DATA BELOW:

__________

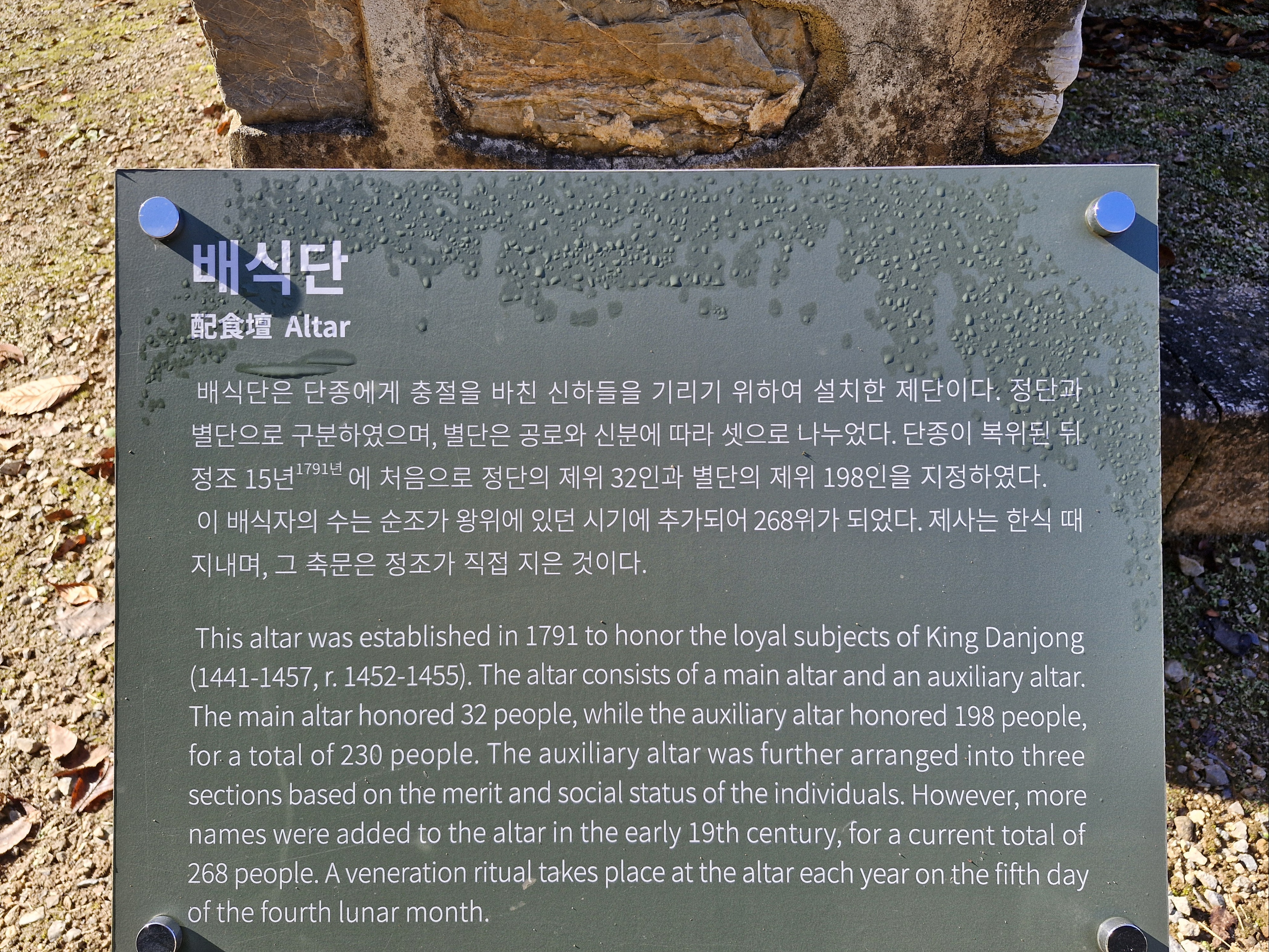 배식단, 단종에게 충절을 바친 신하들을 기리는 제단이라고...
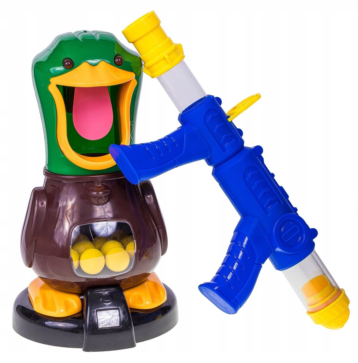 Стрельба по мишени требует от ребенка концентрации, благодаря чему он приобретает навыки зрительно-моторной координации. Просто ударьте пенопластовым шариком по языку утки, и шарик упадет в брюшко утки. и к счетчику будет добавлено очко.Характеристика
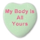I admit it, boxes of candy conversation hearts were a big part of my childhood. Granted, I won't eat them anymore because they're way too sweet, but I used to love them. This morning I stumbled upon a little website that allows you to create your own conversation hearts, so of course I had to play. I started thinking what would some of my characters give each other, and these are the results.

__________

ABOUT THIS EXERCISE: Everything in the preceding material must be transcribed exactly, except the images.

SOLUTION BELOW:
 배식단, 단종에게 충절을 바친 신하들을 기리는 제단이라고...
 Стрельба по мишени требует от ребенка концентрации, благодаря чему он приобретает навыки зрительно-моторной координации. Просто ударьте пенопластовым шариком по языку утки, и шарик упадет в брюшко утки. и к счетчику будет добавлено очко.Характеристика
I admit it, boxes of candy conversation hearts were a big part of my childhood. Granted, I won't eat them anymore because they're way too sweet, but I used to love them. This morning I stumbled upon a little website that allows you to create your own conversation hearts, so of course I had to play. I started thinking what would some of my characters give each other, and these are the results.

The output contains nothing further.